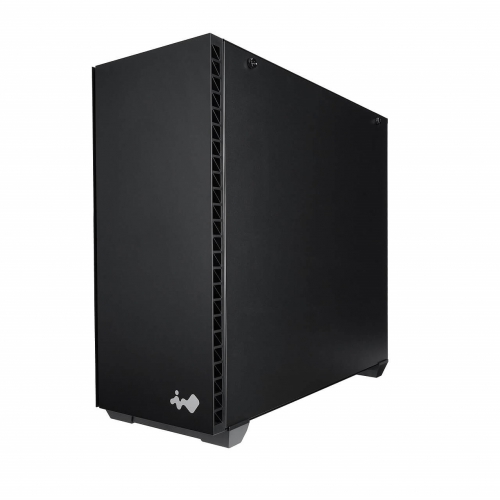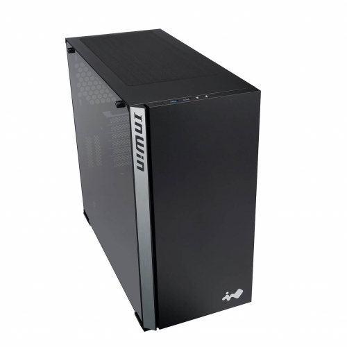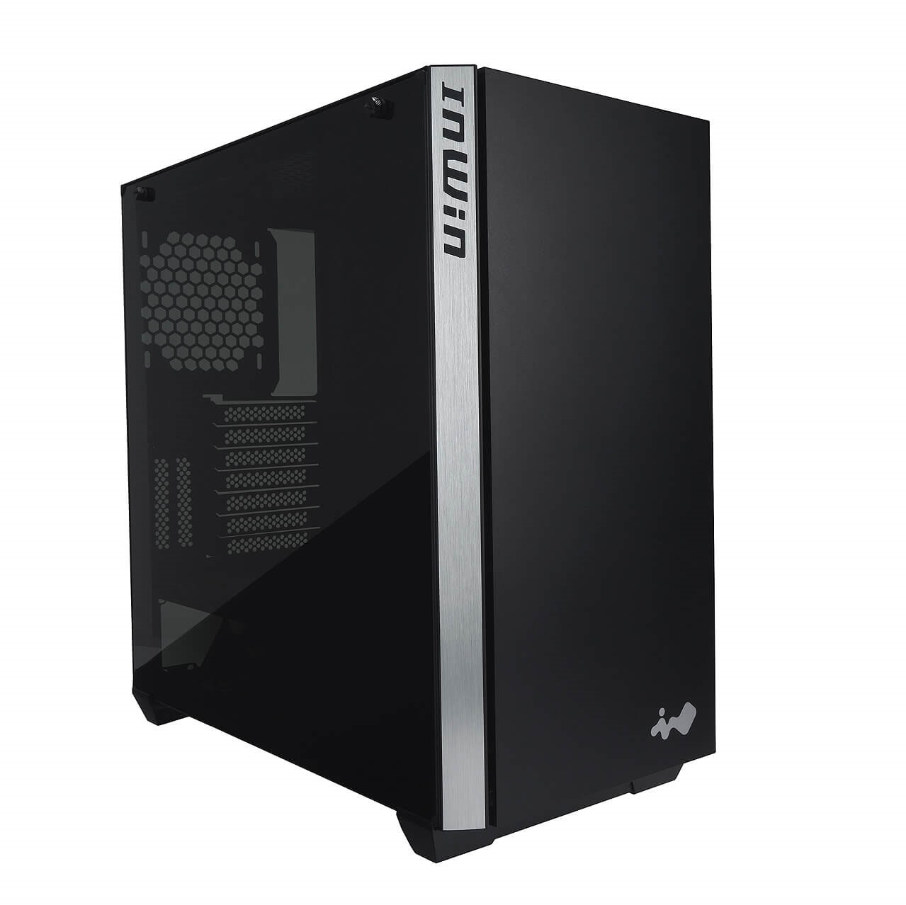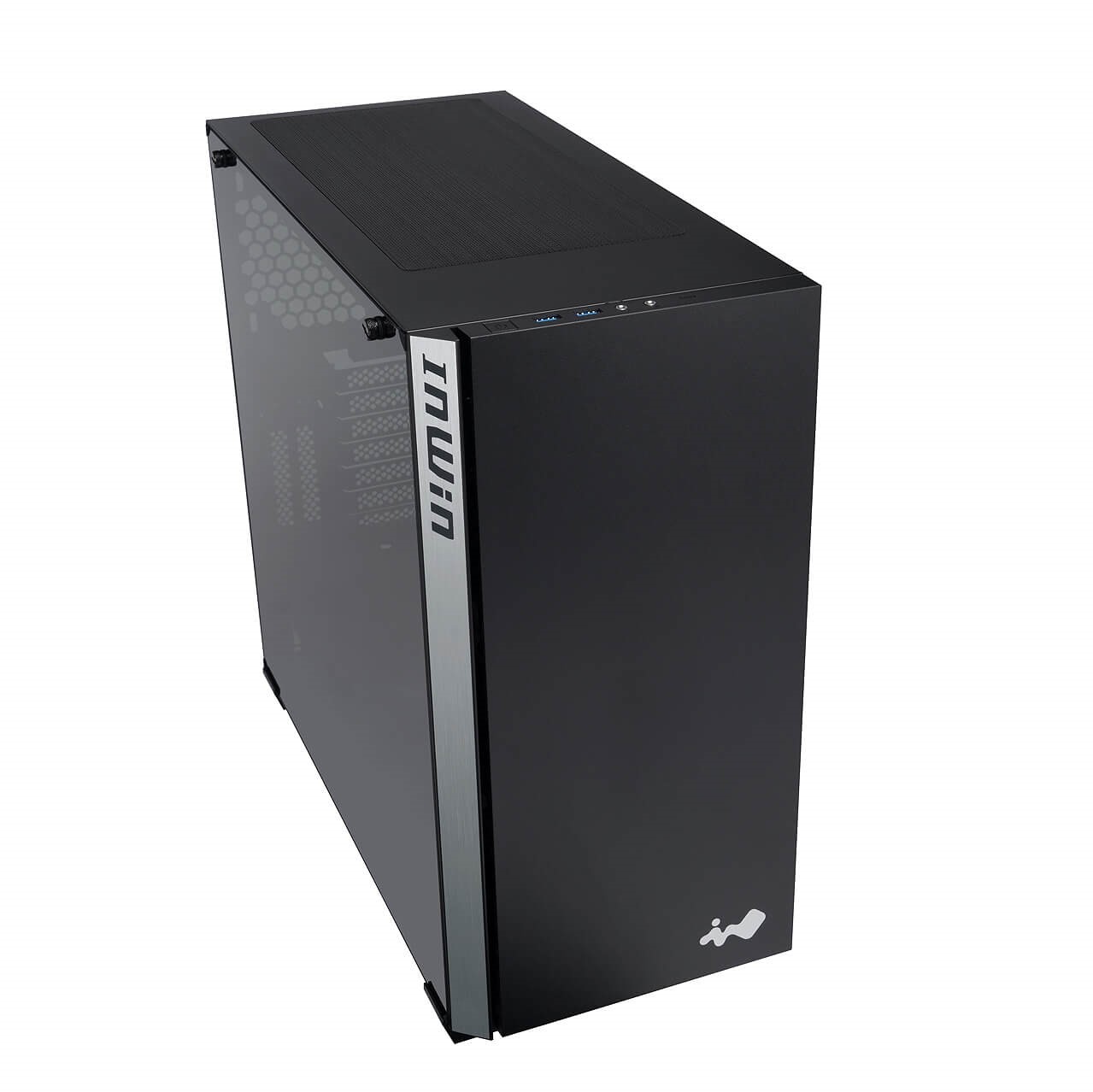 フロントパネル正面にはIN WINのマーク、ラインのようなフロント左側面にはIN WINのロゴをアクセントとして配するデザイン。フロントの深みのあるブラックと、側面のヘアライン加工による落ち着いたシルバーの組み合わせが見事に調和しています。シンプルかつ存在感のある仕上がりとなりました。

=-=-=-=-=

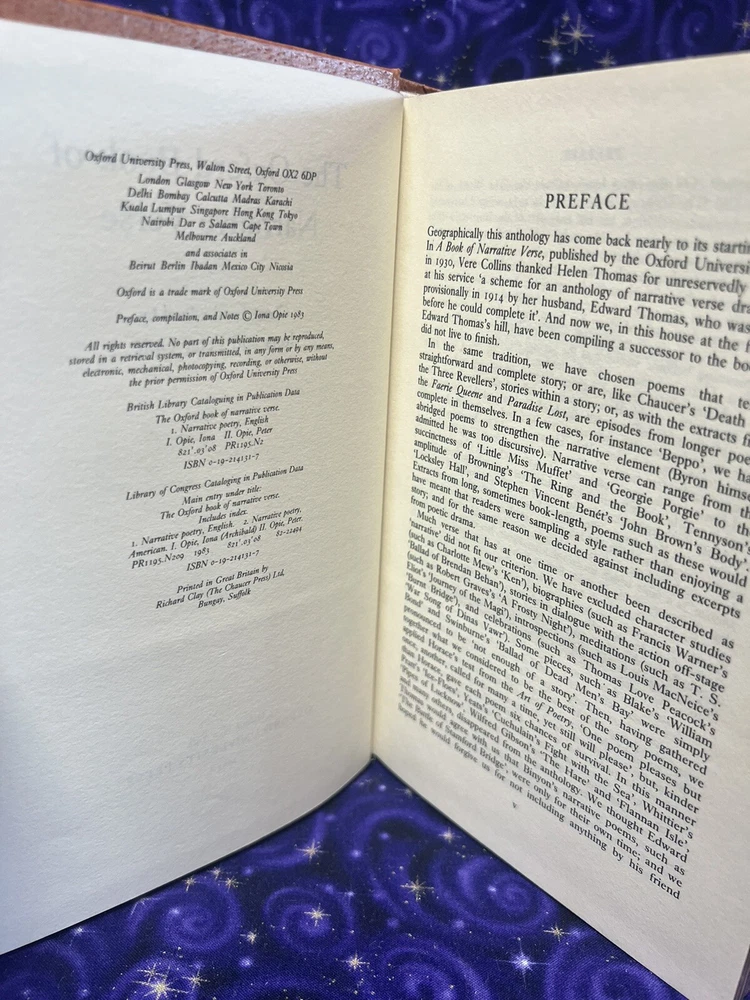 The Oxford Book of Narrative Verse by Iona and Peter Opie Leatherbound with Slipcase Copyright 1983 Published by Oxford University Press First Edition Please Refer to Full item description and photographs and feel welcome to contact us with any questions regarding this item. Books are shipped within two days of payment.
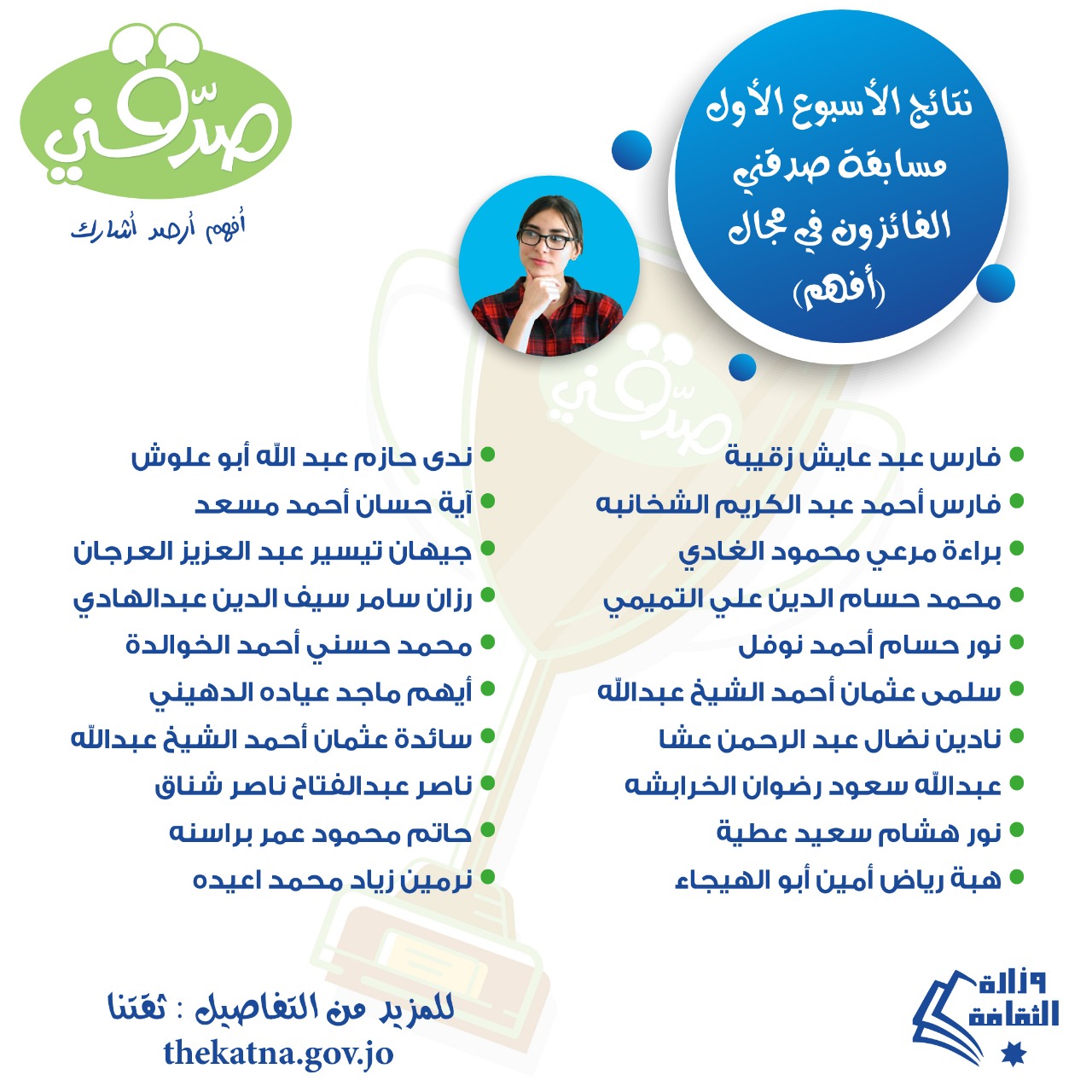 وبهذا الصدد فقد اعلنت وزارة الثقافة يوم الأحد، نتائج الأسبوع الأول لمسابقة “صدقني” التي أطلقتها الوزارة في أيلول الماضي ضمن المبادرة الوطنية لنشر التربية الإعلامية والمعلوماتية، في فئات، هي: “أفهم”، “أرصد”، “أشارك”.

=-=-=-=-=

Exercise objective »
Give again the lines of the listing above that run from the one with "The Oxford Book" up to and including the one with "وبهذا الصدد فقد". Keep them exact and omit the pictures.

Task result »
 The Oxford Book of Narrative Verse by Iona and Peter Opie Leatherbound with Slipcase Copyright 1983 Published by Oxford University Press First Edition Please Refer to Full item description and photographs and feel welcome to contact us with any questions regarding this item. Books are shipped within two days of payment.
 وبهذا الصدد فقد اعلنت وزارة الثقافة يوم الأحد، نتائج الأسبوع الأول لمسابقة “صدقني” التي أطلقتها الوزارة في أيلول الماضي ضمن المبادرة الوطنية لنشر التربية الإعلامية والمعلوماتية، في فئات، هي: “أفهم”، “أرصد”، “أشارك”.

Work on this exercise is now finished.